# Raisin Warning



## Big Daddy (Apr 6, 2004)

They're poison to dogs. Here's the info...



Written by:
Laurinda Morris, DVM
Danville Veterinary Clinic
Danville, Ohio

This week I had the first case in history of raisin toxicity ever seen at
MedVet. My patient was a 56-pound, 5 yr old male neutered lab mix that ate
half a canister of raisins sometime between 7:30AM & 4:30PM on Tuesday. He
started with vomiting, diarrhea & shaking about 1AM on Wednesday but the
owner didn't call my emergency service until 7AM. 
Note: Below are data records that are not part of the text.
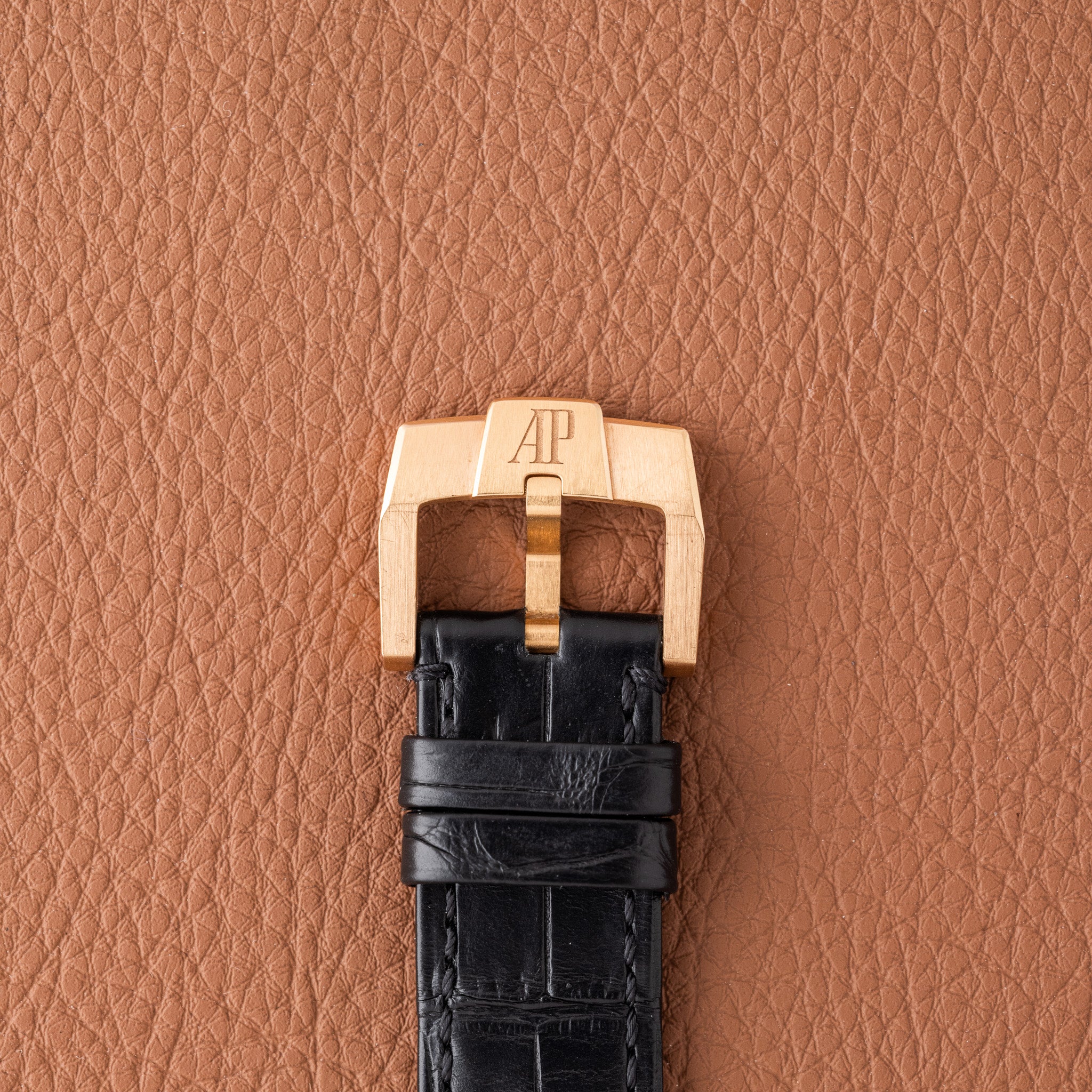 Buckle/Clasp: Audemars Piguet rose gold pin buckle
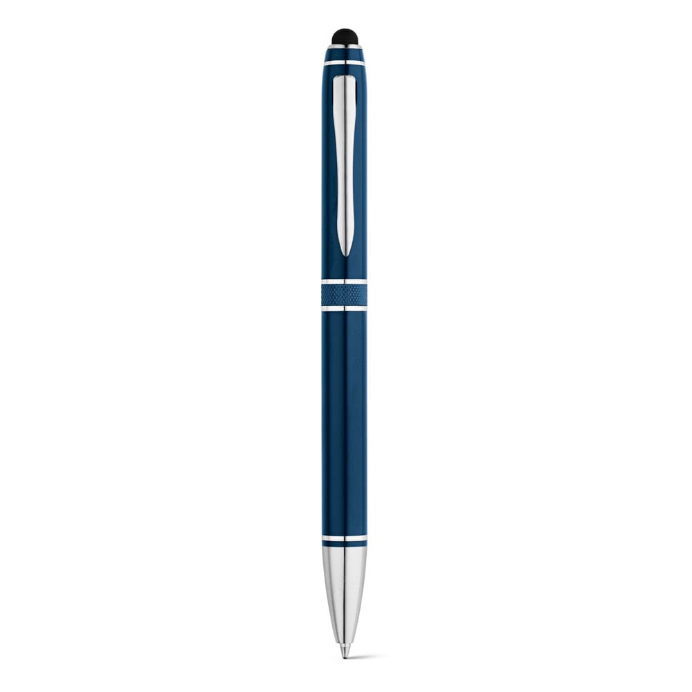 Esferográfica em alumínio com mecanismo twist, ponteira touch e clipe de metal. Até 2 km de escrita. Escrita em azul. Incluso embalagem de veludo. ø11 x 138 mm | Embalagem de veludo: 160 x 30 mm
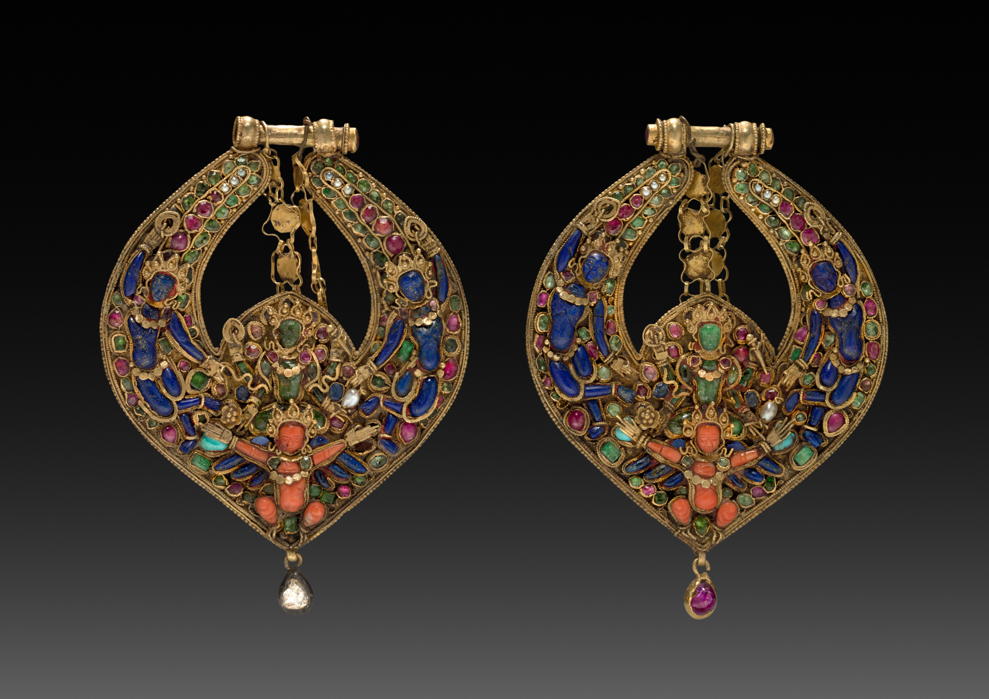 Pair of gold earrings with a teardrop shape, having a smaller teardrop-shaped component inside a larger one. The earrings are decorated with various gemstones including blue lapis lazuli, pink rubies, green emeralds, and white diamonds. A figure of Vishnu on Garuda is on one side and a Chepu monster mask on the other. The earrings have a gold post at the top and a dangling gemstone at the bottom. The background is black, which helps to highlight the vibrant colors of the gemstones. The earrings are symmetrical, with identical designs on both sides but with Vishnu on Garuda on one earring and Chepu on the other.
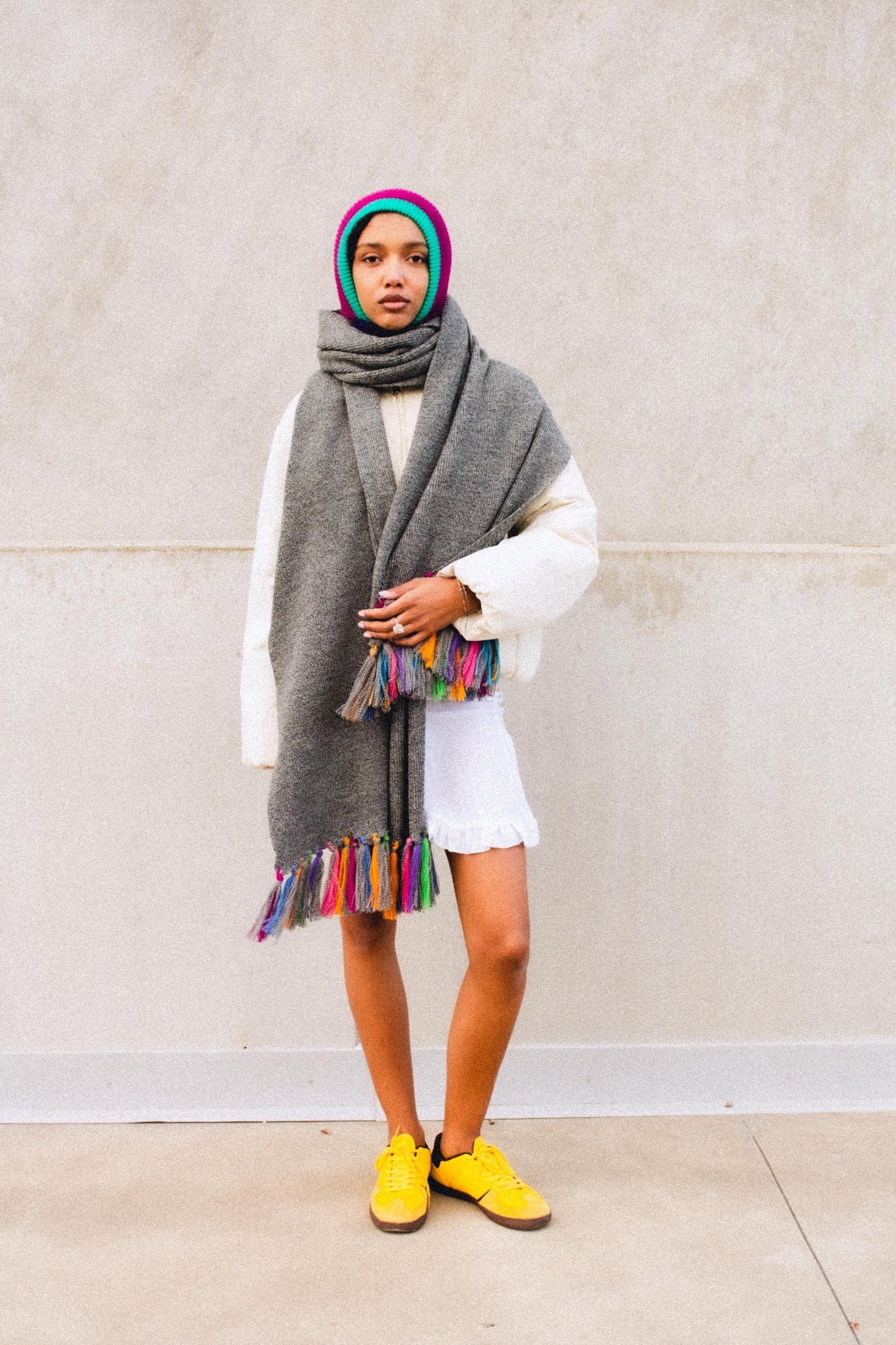 Its generous size and volume offer warmth and comfort, while the bright tassels bring a playful, dynamic touch to your look. These versatile scarf pairs effortlessly with hats in nearly any color, highlighting your unique style. More than just a scarf, it’s a bold expression of your taste and confidence.
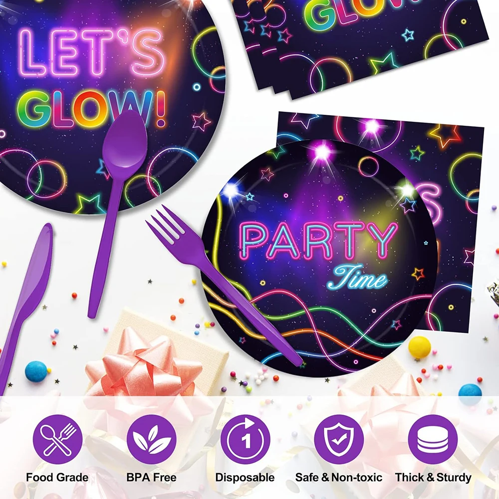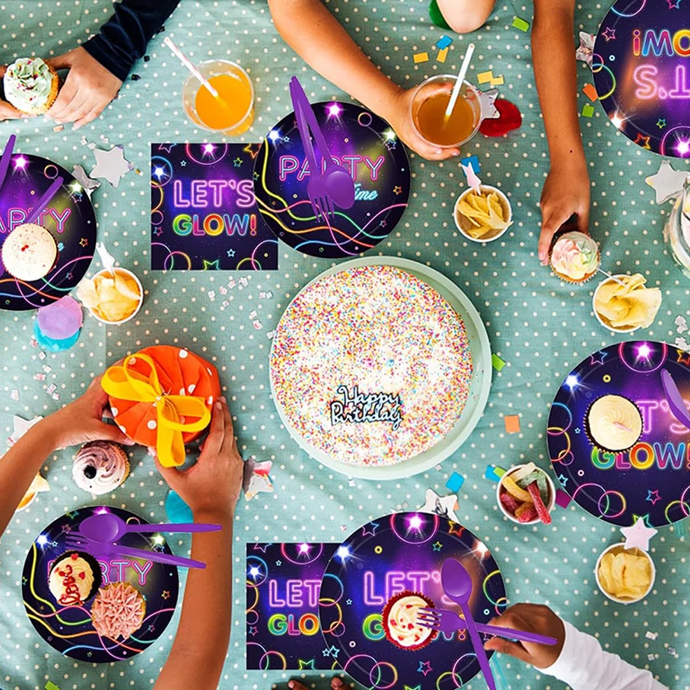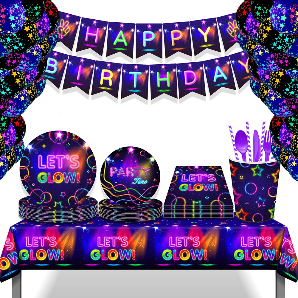 Brilho Partido Toalha De Mesa Guardanapos Copos Placas Banner Neon Látex Balões para Brilho Festa De Aniversário Disco Decoração Do Casamento Suprimentos

I had heard about raisins & grapes causing acute Renal failure but hadn't
seen any formal paper on the subject. We had her bring the dog in
immediately. In the meantime, I called the ER service at MedVet & the doctor
there was like me - had heard something about it, but.... Anyway, we
contacted the ASPCA National Animal Poison Control Center & they said to
give IV fluids at 1 1/2 times maintenance & watch the kidney values for the
next 48-72 hours. 

The dog's BUN (blood urea nitrogen level) was already at 32 (normal less
than 27) & creatinine over 5 (1.9 is the high end of normal). Both are
monitors of kidney function in the bloodstream. We placed an IV catheter &
started the fluids. Rechecked the renal values at 5 PM & the BUN was over 40
& creatinine over 7 with no urine production after a liter of fluids. At the
point I felt the dog was in acute renal failure & sent him on to MedVet for
a urinary catheter to monitor urine output overnight as well as overnight
care. 

He started vomiting again overnight at MedVet & his renal values have
continued to increase daily. He produced urine when given lasix as a
diuretic. He was on 3 different anti-vomiting medications & they still
couldn't control his vomiting. Today his urine output decreased again, his
BUN was over 120, his creatinine was at 10, his phosphorus was very elevated
& his blood pressure, which had been staying around 150, skyrocketed to
220. He continued to vomit & the owners elected to 
euthanize.

This is a very sad case - great dog, great owners who had no idea raisins
could be a toxin. Please alert everyone you know who has a dog of this very
serious risk. Poison control said as few as 7 raisins or grapes could be
toxic. Many people I know give their dogs grapes or raisins as treats
including our ex-handler's. Any exposure should give rise to immediate
concern.



Even if you don't have a dog, you might have friends who do. This is worth
passing on to them.


----------



## bkr43050 (Apr 5, 2004)

Thanks for the heads up Carl! I don't normally give any raisins to my dog but I would not have given it any thought as to them being toxic. As always I am skeptic about these types of stories and so I immediately looked it up on www.snopes.com which is a good source for weeding out urban legends. The most surprising thing that I found was that the story that you posted was not only valid but it was in fact from a vet in Danville, OH which is only about 20 miles from me. I know of the vet clinic but have never dealt with them. Apparently this happened in 2004.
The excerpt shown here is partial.